Если бы не ночь, Руднев увидел бы, что сосед его покраснел.

— Однако вы не только суровы — вы и язвительны, — отвечал он, — впрочем, это ничего. Давича я еще сказал этому болвану-Сарданапалу: всякому свое: кабану — клык, волку — зуб, а лошади — копыто. Только вы меня не язвите — это не подействует. Вы лучше мне скажите, почему вы не хотите в Троицкое? Вы нас всех, признаться, заинтересовали вашим ночным побегом. Знаете, это — своего рода сила. Многие люди идут на смерть, на труд, но на внезапное нарушение приличия и рутины — решатся очень немногие. И мне и Катерине Николавне это очень понравилось.

«И мнеи Катерине Николаевне!», подумал Руднев: «вот как! Я-то, я-то!.. А ведь какая у него приятная, добрая улыбка и какое выразительное лицо!» — Я считаю это скорее слабостью, чем силой, — заметил он громко.

— Это делает честь вашей скромности; но это та же теория, что самоубийство — слабость, а ослиное терпение — сила; а не хуже ли всего презирать себя и олицетворять что-нибудь безличное и пошлое. Не правда ли?

— Не знаю-с.

— Ну, полноте! — сказал Милькеев, — ездите-ка в Троицкое почаще. Если у вас есть какие-нибудь язвы, они заживут там.

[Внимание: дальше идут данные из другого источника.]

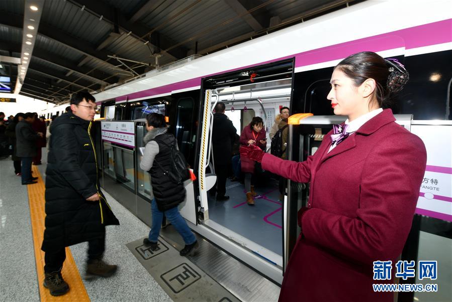 2019年1月1日,工作人員在濟(jì)南軌道交通1號(hào)線創(chuàng)新谷站引導(dǎo)乘客。

Такого общества, как наше, вы нескоро найдете. Александра Лихачева вы видели и понимаете немного, а брат его, предводитель, разве дюжинный человек? Он должен найти лазейку в вашу душу уже потому, что кончил курс с золотой медалью в Москве, жил в самом мыслящем кругу еще студентом, отказался от кафедры и уехал сюда, подобно вам. Дворяне как-то умудрились его оценить, выбрали его, и так как имение почти все не его, а младшего брата (они ведь от разных матерей, как вы знаете), так дворяне дают ему от себя пять тысяч в год. Где вы это найдете?

— Знаю, давно знаю, — отвечал Руднев. — Знаю также, что он и прошлого года, и третьего года на следствии высек крестьян. Видно, жаль было с пятью тысячами расстаться!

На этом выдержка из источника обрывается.